Satellite with stowed solar panels and the folded Icarus antennas on the side

(Image: OroraTech)

3 min. read

The animal observation program Icarus will soon be active again. In the coming week, a new receiver for the program will be launched into space. Currently, Icarus is halted due to the war in Ukraine.

Presumably on November 22, a Falcon 9 from the US space company SpaceX will bring the Gena-OT satellite with the new Icarus receiver into orbit, the Max Planck Society (MPG) announced. Initially, a three-month test phase is planned before the scientific program can be resumed. The launch of another satellite with an Icarus receiver is planned for next spring.

Icarus, an abbreviation for International Cooperation for Animal Research Using Space, is a program to observe various animal movements around the world.

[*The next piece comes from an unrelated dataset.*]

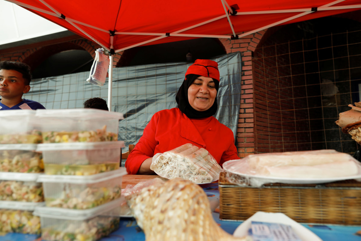 Karima Daikhi, 52, prepares bourek with fish to sell for Iftar (breaking fast) meals during the holy fasting month of Ramadan, at Bouharoun's fishermen's port in the commune of Tipaza Province, Algeria May 27, 2018. Picture Taken May 27, 2018. REUTERS/ Zohra BensemraKarima Daikhi, 52, talks to a customer as she sells her specialty fish food for Iftar (breaking fast) meal during the holy fasting month of Ramadan at Bouharoun's fishermen's port, in the commune of Tipaza Province, Algeria May 27, 2018. Picture taken May 27, 2018. REUTERS/Zohra BensemraKarima Daikhi, 52, shops for Iftar (breaking fast) meals that she will sell during the holy fasting month of Ramadan, at Bouharoun's fishermen's port in the commune of Tipaza Province, Algeria May 27, 2018. Picture Taken May 27, 2018. REUTERS/ Zohra BensemraKarima Daikhi, 52, sells her specialty fish food for Iftar (breaking fast) meal during the holy fasting month of Ramadan, at Bouharoun's fishermen's port in the commune of Tipaza Province, Algeria May 27, 2018.Picture Taken May 27, 2018. REUTERS/ Zohra BensemraKarima Daikhi, 52, shops for Iftar (breaking fast) meals that she will sell during the holy fasting month of Ramadan, at Bouharoun's fishermen's port in the commune of Tipaza Province, Algeria May 27, 2018. Picture Taken May 27, 2018. REUTERS/ Zohra BensemraKarima Daikhi, 52, shops for Iftar (breaking fast) meals that she will sell during the holy fasting month of Ramadan, at Bouharoun's fishermen's port in the commune of Tipaza Province, Algeria May 27, 2018. Picture Taken May 27, 2018. REUTERS/ Zohra Bensemra

The program, originally a cooperation between MPG, the German Aerospace Center (DLR), and the Russian space agency Roscosmos, started in 2020 with an antenna mounted on the Russian module of the International Space Station (ISS). In 2022, it was halted in the course of sanctions against Russia following the attack on Ukraine.

Since then, MPG, together with the Munich-based space company Talos, has further developed the Icarus system and shrunk it to such an extent that it fits into a ten-centimeter Cubesat. In addition, it has become more powerful: the new receiver can read four times as many sensors and enables faster data transmissions as well as remote maintenance, while only requiring one-tenth of the energy of its predecessor. "What used to require a large ISS antenna now fits in the palm of your hand," says Talos CEO Gregor Langer.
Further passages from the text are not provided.